_What is expected_
Everything from the line that contains "活动伊始,乌鲁木齐市级非遗代" through the last line below should be transcribed exactly, except the pictures.

_Dataset excerpts_
━━━━━━
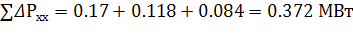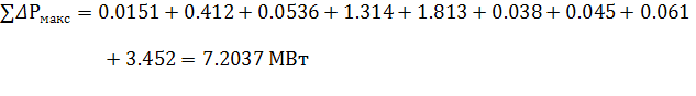 Суммарные переменные потери активной мощности находятся путём суммирования потерь по линиям и трансформаторам.
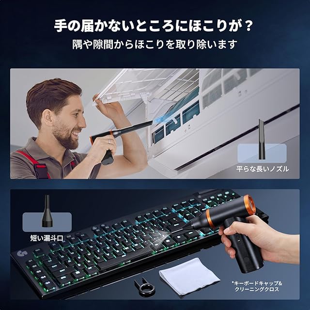 吸引と吹き出しを1台に集約した革新的な設計。強力なエアダスターでホコリや汚れを素早く吹き飛ばし、効率的な清掃を実現します。また、吸引機能も搭載しており、必要に応じてゴミを簡単に回収できます。自宅や車内、精密機器などの場面で活躍する便利な一台です。
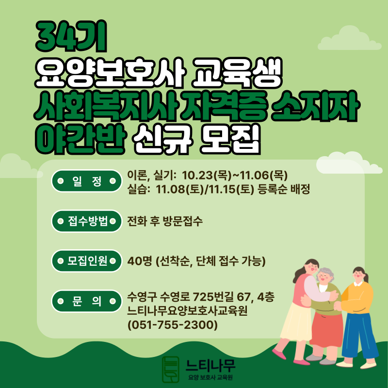 부산 직업교육 느티나무 요양보호사교육원
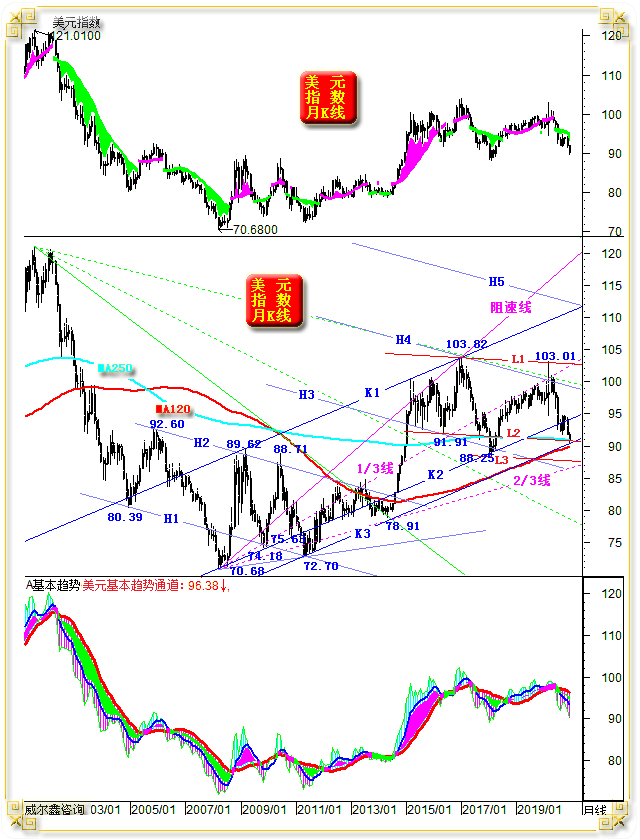 三角形底边H2线,对数十年美元指数宏观底部的有效性指示极其明显。
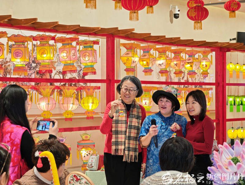 活动伊始,乌鲁木齐市级非遗代表性项目布老虎技艺市级代表性传承人马秀玲登台开讲。她自幼随母亲学习布老虎制作,后拜师深造,更将艾德莱斯绸等新疆元素融入创作,让传统布老虎焕发新疆韵味。
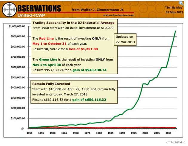 Comme on est en mai et que les marchés ne cessent de monter, c’est encore le tour d’un petit graphique sell in may and go away comme on peut en voir fleurir à chaque printemps. Du coup le petit graphique ci-dessous vous propose de gagner facilement en bourse en n’étant que peu actif. Puisqu’il s’agit de n’acheter qu’une fois en novembre et de vendre en Avril. Puis entre Mai et Octobre d’être en cash et de poursuivre une activité normale. Le backtesting sur quelques décennies selon le graphique, prouve que cela marche…
━━━━━━
_Answer below_
 活动伊始,乌鲁木齐市级非遗代表性项目布老虎技艺市级代表性传承人马秀玲登台开讲。她自幼随母亲学习布老虎制作,后拜师深造,更将艾德莱斯绸等新疆元素融入创作,让传统布老虎焕发新疆韵味。
 Comme on est en mai et que les marchés ne cessent de monter, c’est encore le tour d’un petit graphique sell in may and go away comme on peut en voir fleurir à chaque printemps. Du coup le petit graphique ci-dessous vous propose de gagner facilement en bourse en n’étant que peu actif. Puisqu’il s’agit de n’acheter qu’une fois en novembre et de vendre en Avril. Puis entre Mai et Octobre d’être en cash et de poursuivre une activité normale. Le backtesting sur quelques décennies selon le graphique, prouve que cela marche…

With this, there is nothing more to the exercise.